§ TASK ITEM
Every line of the material needs an exact copy, apart from the images.

§ RECORDED INFORMATION

----

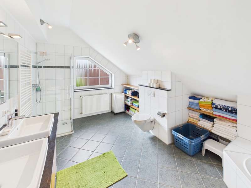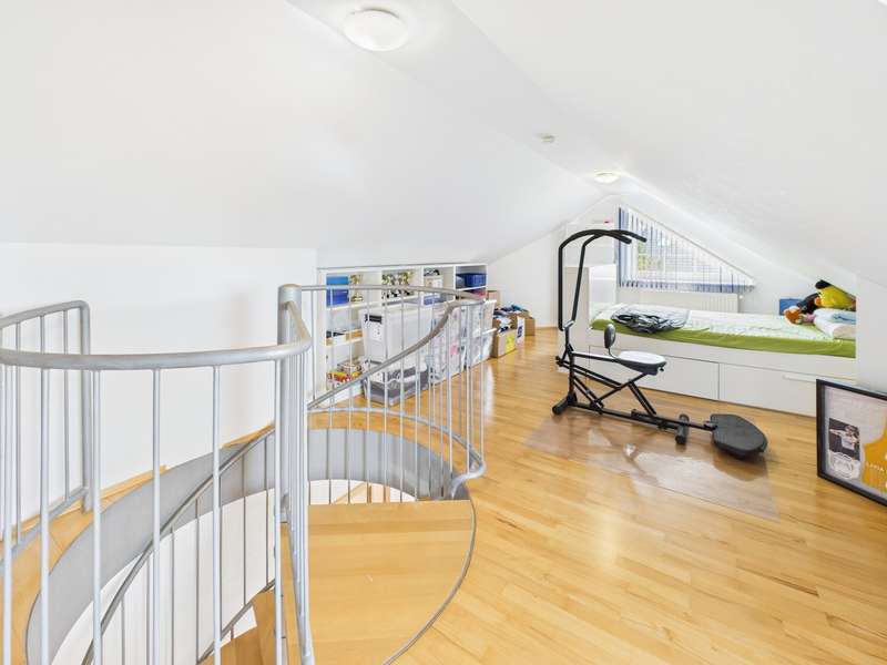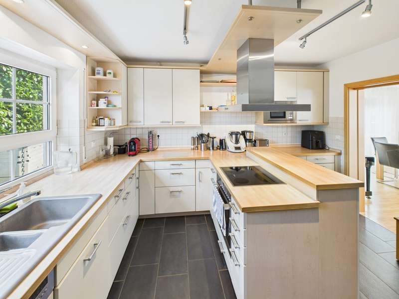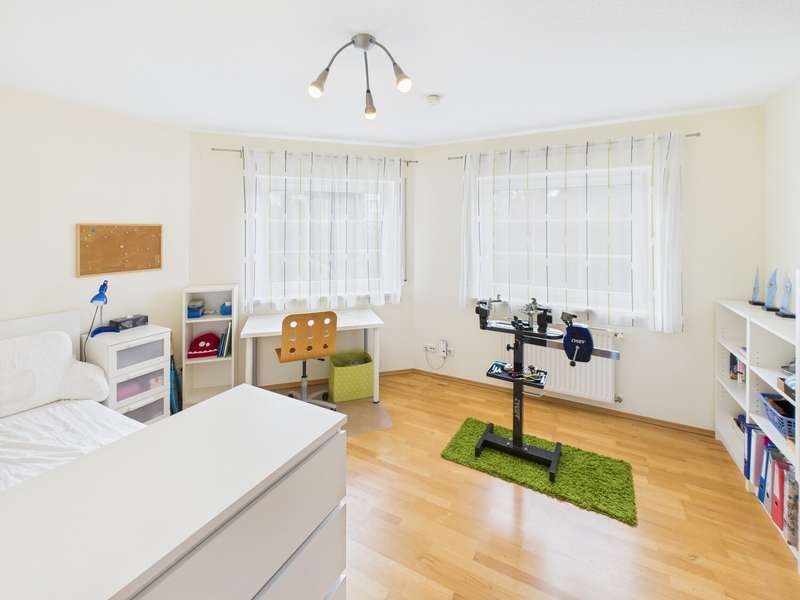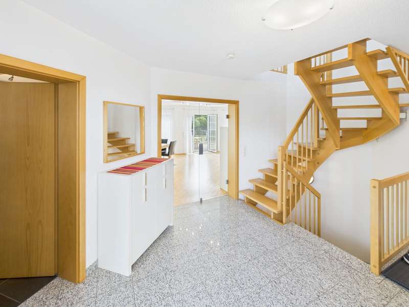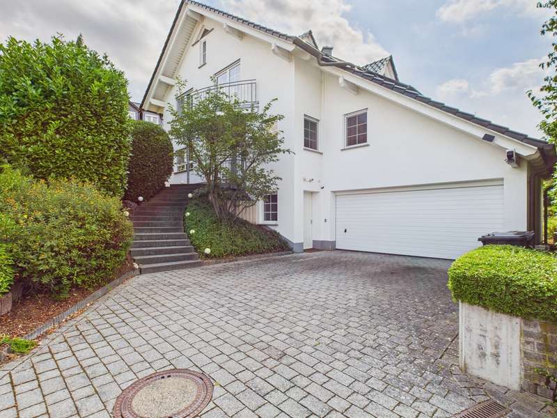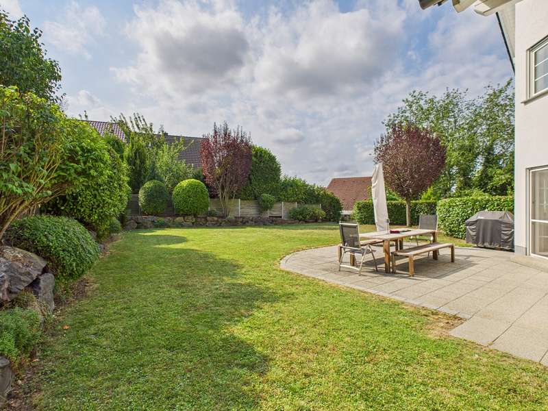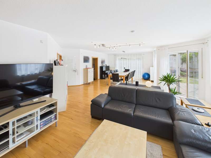 In one of the most popular locations in Nieder-Olm, this spacious detached house presents itself as a true refuge for sophisticated living. Set on a lovingly landscaped plot of approx. 741 m², the property, built in 2003, combines timeless architecture with modern amenities. With a living space of around 210 m², spread over a total of seven rooms, the house offers ideal conditions for families who value space, comfort and flexibility. The bright, inviting entrance area already conveys a feeling of spaciousness and leads directly into the heart of the house: the spacious living and dining area. Large windows flood the room with light throughout the day and create a warm, cozy atmosphere. From here, you can access the large sun terrace, which offers a view of the lovingly landscaped garden - a green oasis that invites you to relax, play or garden. The open kitchen with adjoining dining area forms the communicative center of family life and is also a place for social gatherings with friends. The first floor also boasts a flexibly usable area, which is currently designed as a dressing room with adjoining bedroom and en-suite shower room. Whether as a guest room, study or hobby room - this retreat can be individually adapted to the needs of its occupants and provides additional comfort. A modern staircase leads to the upper floor, which has four spacious bedrooms and a stylish bathroom with a bathtub, walk-in shower and double washbasin. All family members will find their own personal retreat here. Another highlight is the top floor: a charming, light-flooded room with its own daylight bathroom, which is perfect as a studio, youth area or guest floor. Sustainability and energy efficiency also take center stage: the house is heated using environmentally friendly district heating. The energy concept is complemented by a photovoltaic system from ENPAL installed in 2023, which not only reduces operating costs but also makes a valuable contribution to climate protection. Practical details such as the utility room with connections for washing machine and dryer, the spacious garage with direct access to the house, which has an intelligent wallbox to match the PV system, and several outdoor parking spaces round off the well thought-out overall concept. The location of the house combines tranquillity with optimal connections: shopping facilities, schools and kindergartens are in the immediate vicinity. Leisure activities for young and old as well as easy access to public transport and freeways make Nieder-Olm a particularly attractive place to live. This detached house combines a stylish ambience, modern furnishings and a location that leaves nothing to be desired. A home that offers security, quality of life and sustainability in equal measure.
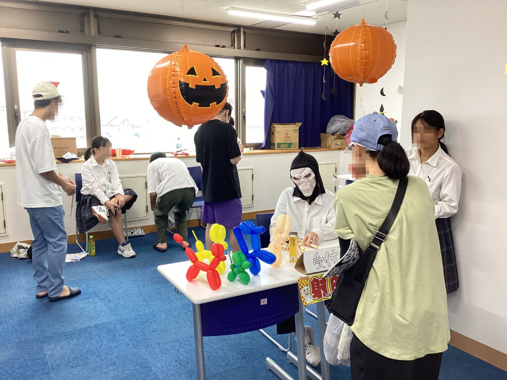 1年生は、ハロウィンをモチーフにした装飾で校内を彩り、射的やボウリングなどの出店を開いて縁日を開催。さらに、校内を巡るスタンプラリーも企画し、多くの来場者が楽しんでいました。
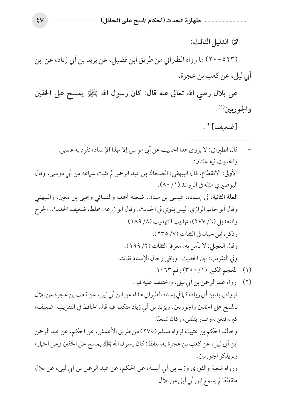 فرواه يزيد بن أبي زياد، كما في إسناد الطبراني هذا، عن ابن أبي ليلى، عن كعب بن عجرة عن بلال بالمسح على الخفين والجوربين. ويزيد بن أبي زياد متكلم فيه قال الحافظ في التقريب: ضعيف، كبر، فتغير، وصار يتلقن، وكان شيعيًا.
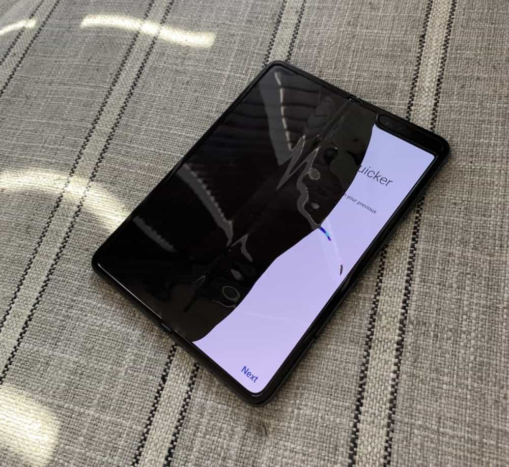 Gurman tweeted, “The screen on my Galaxy Fold review unit is completely broken and unusable just two days in. Hard to know if this is widespread or not. … The phone comes with this protective layer/film. Samsung says you are not supposed to remove it. I removed it, not knowing you’re not supposed to (consumers won’t know either). It appeared removable in the left corner, so I took it off. I believe this contributed to the problem.”
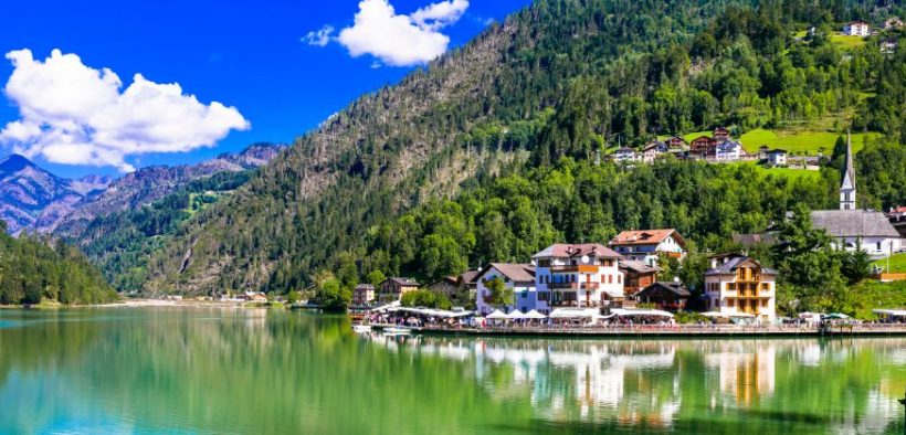 Der Lago di Alleghe in der Provinz Belluno verzaubert mit seiner Entstehungsgeschichte, alpinen Lage und Dolomitenkulisse. Der Lago di Alleghe liegt im westlichen Teil der Belluneser Dolomiten, am Fuß der mächtigen Civetta, eines der bekanntesten Bergmassive der Region.

----

§ RESPONSE AREA
 In one of the most popular locations in Nieder-Olm, this spacious detached house presents itself as a true refuge for sophisticated living. Set on a lovingly landscaped plot of approx. 741 m², the property, built in 2003, combines timeless architecture with modern amenities. With a living space of around 210 m², spread over a total of seven rooms, the house offers ideal conditions for families who value space, comfort and flexibility. The bright, inviting entrance area already conveys a feeling of spaciousness and leads directly into the heart of the house: the spacious living and dining area. Large windows flood the room with light throughout the day and create a warm, cozy atmosphere. From here, you can access the large sun terrace, which offers a view of the lovingly landscaped garden - a green oasis that invites you to relax, play or garden. The open kitchen with adjoining dining area forms the communicative center of family life and is also a place for social gatherings with friends. The first floor also boasts a flexibly usable area, which is currently designed as a dressing room with adjoining bedroom and en-suite shower room. Whether as a guest room, study or hobby room - this retreat can be individually adapted to the needs of its occupants and provides additional comfort. A modern staircase leads to the upper floor, which has four spacious bedrooms and a stylish bathroom with a bathtub, walk-in shower and double washbasin. All family members will find their own personal retreat here. Another highlight is the top floor: a charming, light-flooded room with its own daylight bathroom, which is perfect as a studio, youth area or guest floor. Sustainability and energy efficiency also take center stage: the house is heated using environmentally friendly district heating. The energy concept is complemented by a photovoltaic system from ENPAL installed in 2023, which not only reduces operating costs but also makes a valuable contribution to climate protection. Practical details such as the utility room with connections for washing machine and dryer, the spacious garage with direct access to the house, which has an intelligent wallbox to match the PV system, and several outdoor parking spaces round off the well thought-out overall concept. The location of the house combines tranquillity with optimal connections: shopping facilities, schools and kindergartens are in the immediate vicinity. Leisure activities for young and old as well as easy access to public transport and freeways make Nieder-Olm a particularly attractive place to live. This detached house combines a stylish ambience, modern furnishings and a location that leaves nothing to be desired. A home that offers security, quality of life and sustainability in equal measure.
 1年生は、ハロウィンをモチーフにした装飾で校内を彩り、射的やボウリングなどの出店を開いて縁日を開催。さらに、校内を巡るスタンプラリーも企画し、多くの来場者が楽しんでいました。
 فرواه يزيد بن أبي زياد، كما في إسناد الطبراني هذا، عن ابن أبي ليلى، عن كعب بن عجرة عن بلال بالمسح على الخفين والجوربين. ويزيد بن أبي زياد متكلم فيه قال الحافظ في التقريب: ضعيف، كبر، فتغير، وصار يتلقن، وكان شيعيًا.
 Gurman tweeted, “The screen on my Galaxy Fold review unit is completely broken and unusable just two days in. Hard to know if this is widespread or not. … The phone comes with this protective layer/film. Samsung says you are not supposed to remove it. I removed it, not knowing you’re not supposed to (consumers won’t know either). It appeared removable in the left corner, so I took it off. I believe this contributed to the problem.”
 Der Lago di Alleghe in der Provinz Belluno verzaubert mit seiner Entstehungsgeschichte, alpinen Lage und Dolomitenkulisse. Der Lago di Alleghe liegt im westlichen Teil der Belluneser Dolomiten, am Fuß der mächtigen Civetta, eines der bekanntesten Bergmassive der Region.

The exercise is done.